Longlisted for the Wainwright Prize, Wanderland charts a year in the life of author, Jini Reddy, as she seeks out various lesser known, but captivating sites throughout Britain’s natural world. An award-winning writer and seasoned traveller (it starts on a mountain top in the Pyrenees), the book draws on Jini’s wealth of experiences and is informed by her multi-cultural roots and perspective as an ‘outsider’. Born in London to Indian parents who grew up in apartheid-era South Africa, raised in Montreal, then back to London, Jini's voice is refreshing, beautifully present, and makes us consider how our own travelling is informed by our identity.

From hidden wells, to labyrinths, to coast-to-coast pilgrimages, to land temples and wild art – Jini’s search celebrates the joys of roaming and explores her desire for a deeper connection. For example, she writes of a walk with a friend in Cornwall: ‘The view to St Michael’s Mount is spectacular. Green fields slide into the sea, and the small tidal island rises up loftily from the water. But if I turn around, I can see forest and patchwork fields tumbling into St Ives Bay too, with its white sands curving like a crescent moon. I feel a kind of ecstasy and exhilaration... We hug. We have friendship and we have this. “Halfway there!” we sing.’

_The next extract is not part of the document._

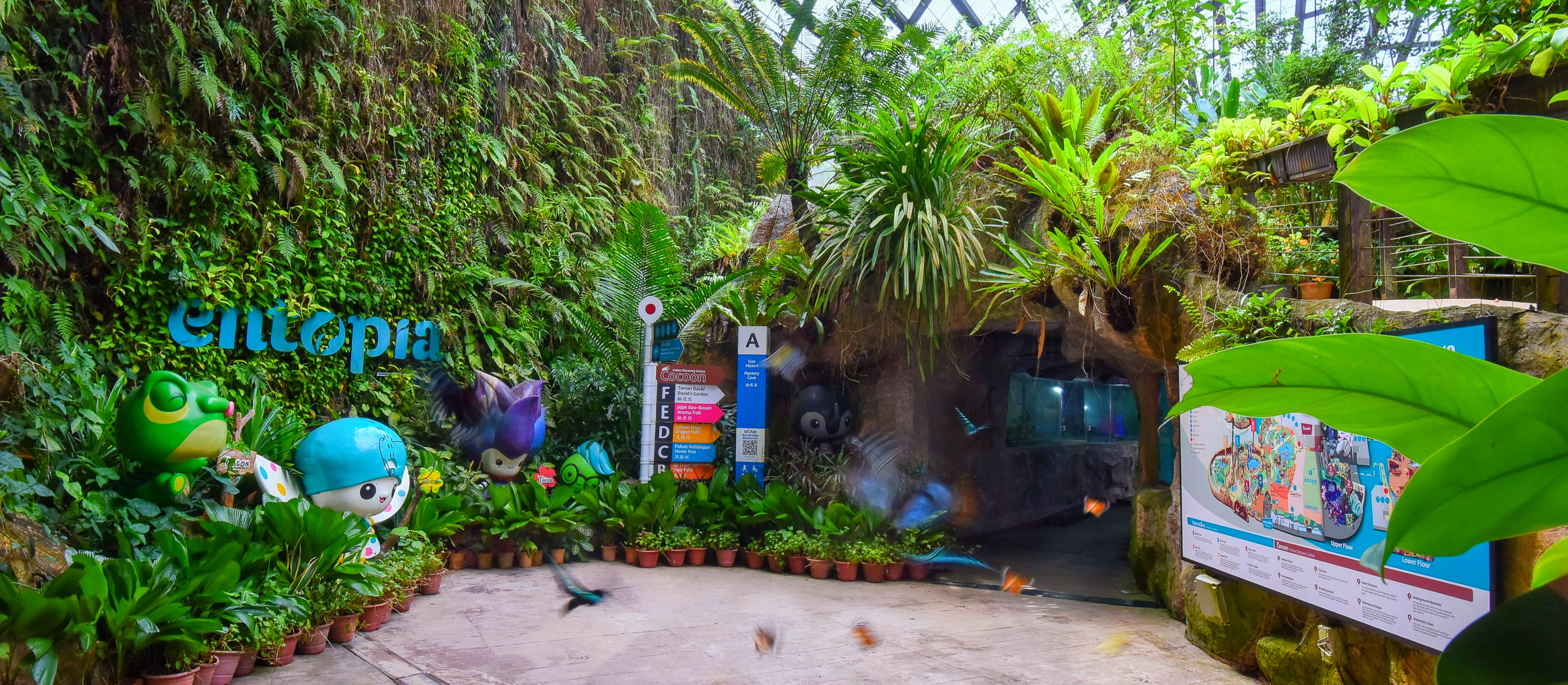 エントピアは、マレーシア・ペナン州のテルクバハンにある自然発見センターで、150種以上の動物と200種以上の植物が展示されています。センター内には、自由に飛び交う蝶が見られる蝶の保護区や、昆虫観察ゾーン、学習ラボなどがあり、さまざまな展示やアトラクションを楽しめます。特に、温室のような広大な施設では、生きた昆虫や自然環境を体験できるインタラクティブな展示が豊富です。家族連れや自然愛好家に人気のスポットで、自然界の美しさと多様性を学ぶことができます。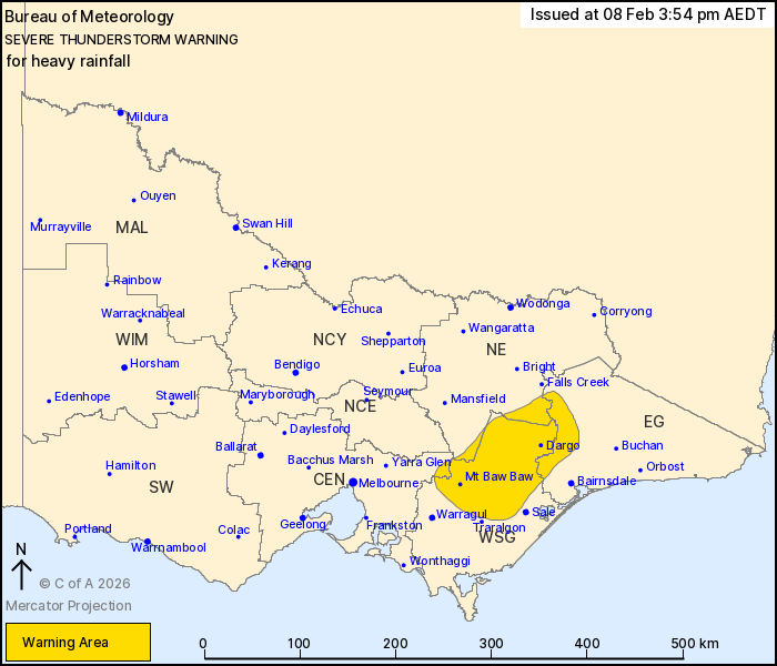hours. Locations which may be affected include Dargo, Mt Baw Baw

The book is full of such moments of longing and (un)belonging. For the most part, Jini carves her own path, based on following her own curiosity, tip-offs from acquaintances, and flashes of serendipity. However, there are some moments that force her to confront the limitations and challenges of her quest:

‘At the back of my mind are the headlines shouting about people whose skin colour is not white who never connect with nature. It annoys me, the generalisation. I’m just a human enjoying the sea... Like other women and men before me whose storylines don’t fit the plot and whose voices are never heard’, and ‘What is the mythic landscape anyway... I have to look these things up, for they are not native to me. What is so wrong with wanting to connect with the land on your own terms... which specific culture am I meant to identify with? If you come from a multicultural background, it isn’t an easy question to answer.’

Clearly, as a woman of colour, much of the spaces that Jini occupies in person and in print rarely feature someone who looks like her, and it happens too often in the book for it to be dismissed as simply insecurity or paranoia. However, the book itself is a form of resistance, of taking up space, and such perspectives can only enhance the descriptions of what Jini experiences and enrich our understanding of these places. This reviewer is certainly grateful for it (I didn’t want it to end), and I’m sure that many of our readers will be too.

Part travel guide, part nature writing, part memoir, part wellness guide, part eco-spiritual meditation, and a hundred per cent full of heart, humour and joy, Wanderland is an engaging and unique book about the pleasures of roaming the countryside that also explores our place in it. ‘In this garden,’ Jini writes later, ‘there is a place that welcomes me exactly as I am, and that I, the outlier, can call home. Maybe this is what I’m looking for: little pockets of home, all over Britain’. We at Desi Reads highly recommend that you to find a home for this book too.